Cheese for dinner? Don’t mind if we do. This recipe for baked feta might sound more like an appetizer than a main course (and you could certainly serve it as such), but the addition of tender, sautéed kale and chickpeas makes it hearty enough to be the star of the table.

And because the best dinners are the ones you can customize, feel free to adjust ingredients as you please. The kale can be swapped with any hearty green (like mustard greens or chard), the shallot can be replaced with onion and the feta can—actually, don’t skip the feta.

Baked Feta with Dill, Caper Berries and Citrus


Extra-virgin olive oil, as needed

1 medium shallot, sliced

2 bunches kale or other hearty greens, ribs and stems removed

3 garlic cloves, peeled and smashed

½ to 1 teaspoon crushed red pepper flakes

Kosher salt and freshly ground black pepper

One 15-ounce can chickpeas, drained and rinsed

One 10- to 12-ounce block feta cheese, cut into ½-inch slabs

Juice of one lemon

Pita, for serving


1. Preheat the oven to 350°F. In a medium skillet, heat a few tablespoons of olive oil over medium heat.
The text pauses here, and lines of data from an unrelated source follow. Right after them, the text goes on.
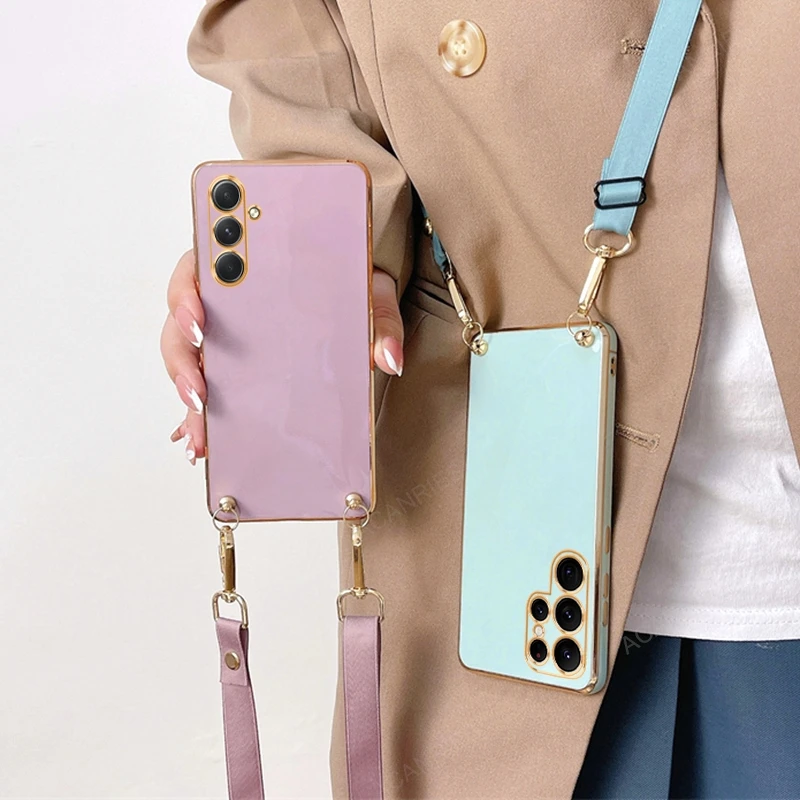 S 25 25plus Crossbody Lanyard Plating Case For Samsung Galaxy S25 Plus Ultra 5G Cord Silicone Back Cover S25plus S25ultra 2025
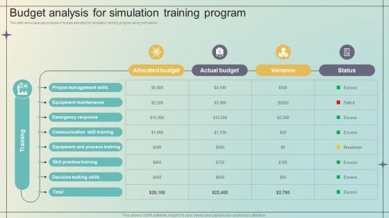 This slide showcase gap analysis of budget allocated for simulation training program along with status. There are so many reasons you need a Immersive Training For Practical Budget Analysis For Simulation Training Program DTE SS V. The first reason is you can not spend time making everything from scratch, Thus, Slidegeeks has made presentation templates for you too. You can easily download these templates from our website easily. This slide showcase gap analysis of budget allocated for simulation training program along with status.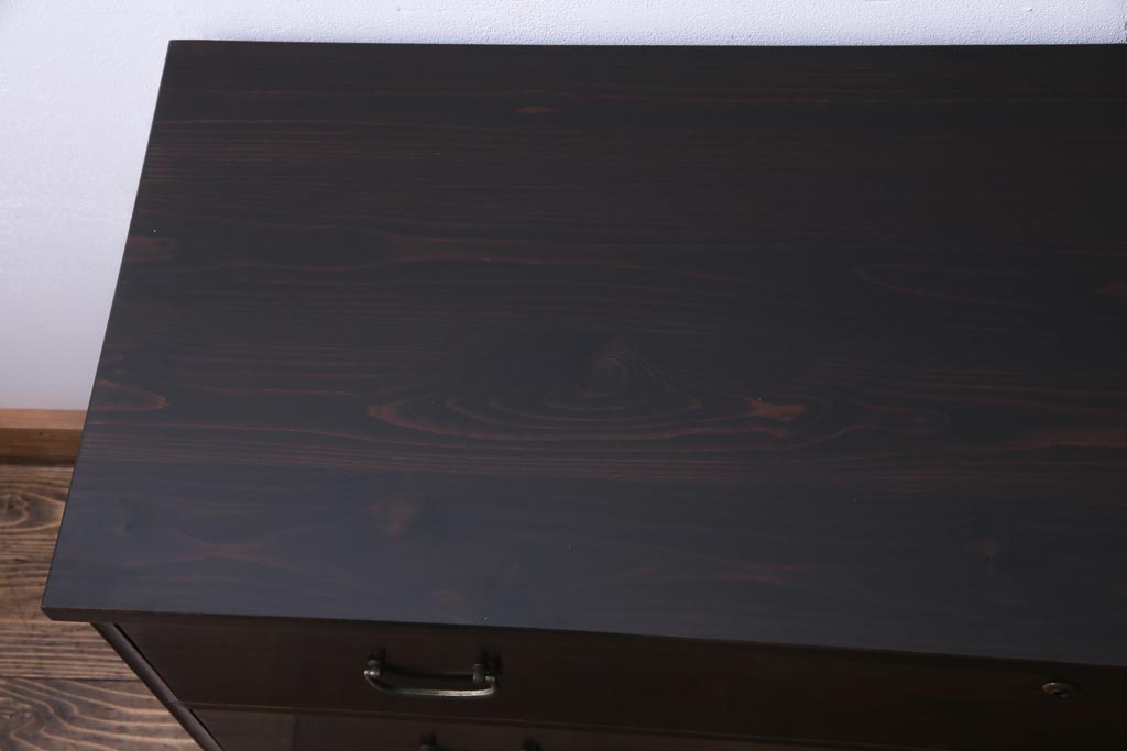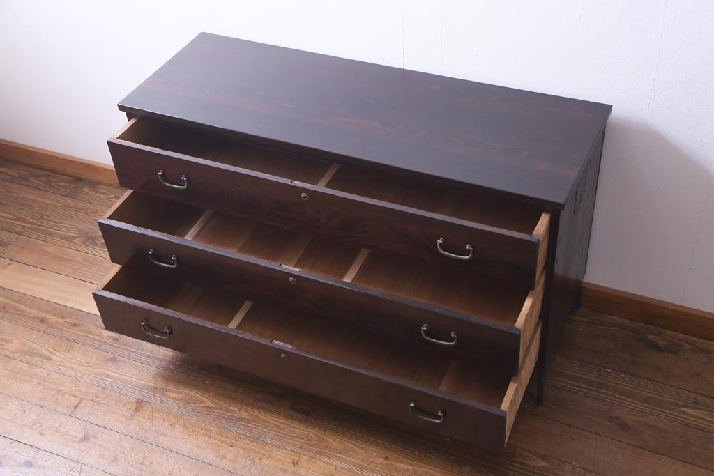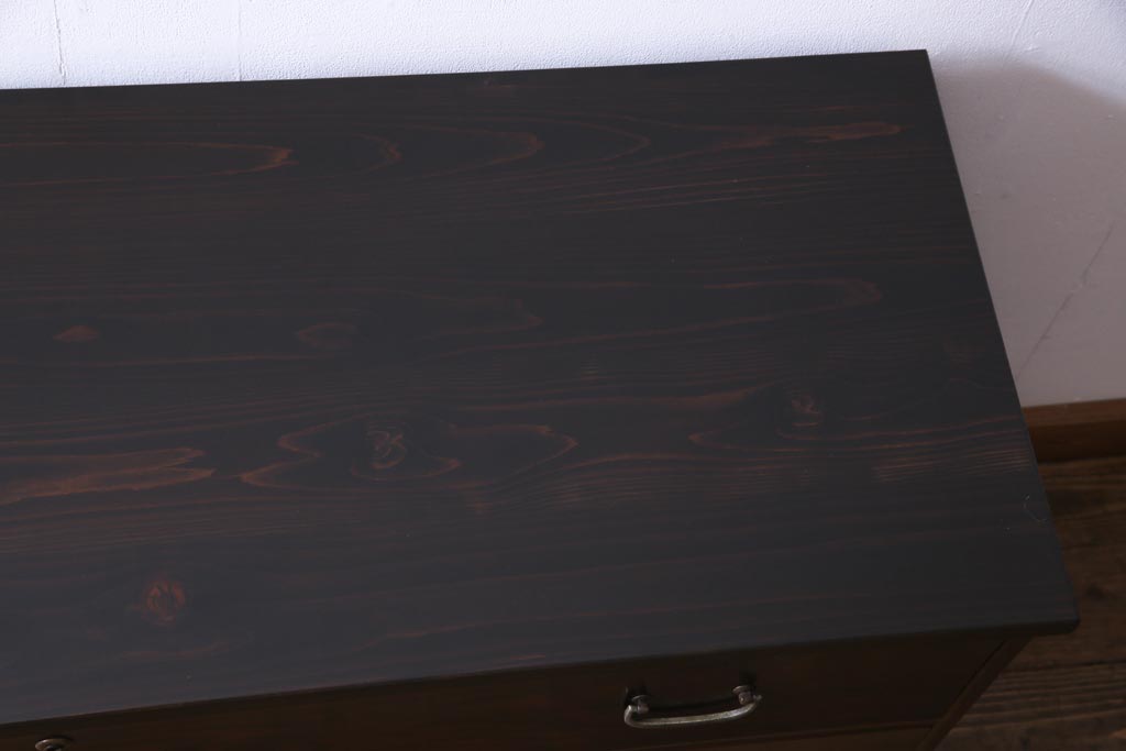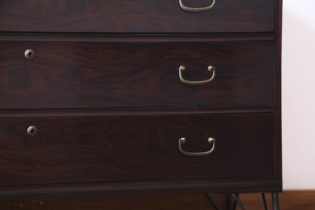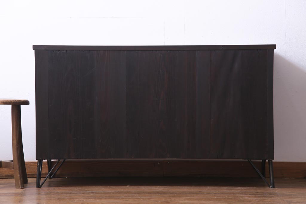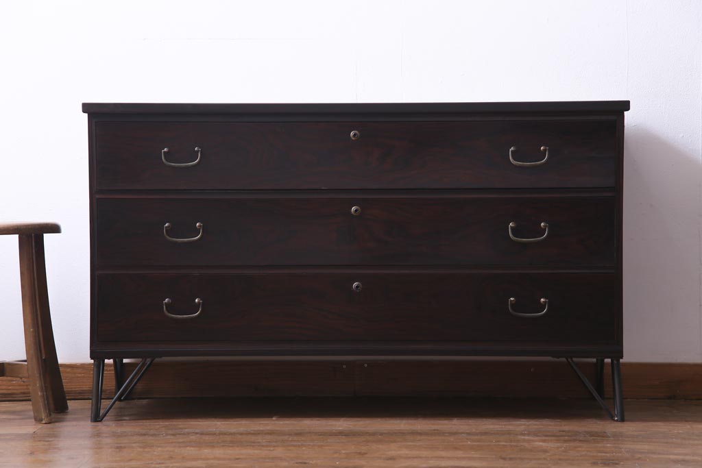 アンティーク家具 リメイク品 鉄脚付き 黒檀の艶が気品のあるシックモダンなチェスト(リビングボード、引き出し)

Add the shallot and sauté until tender and translucent, about 5 minutes.

2. Working in batches if necessary, add the kale to the skillet. Season with salt and pepper, and cook until it begins to soften and wilt down, 6 to 8 minutes. Add the garlic and crushed red pepper flakes, followed by the chickpeas. Arrange the slices of feta on top.

3. Transfer the skillet to the oven and bake until the cheese is soft and melty, 10 to 15 minutes. (At this point, you can transfer to the broiler to brown the cheese, if desired.) Drizzle with lemon juice and serve with pita slices.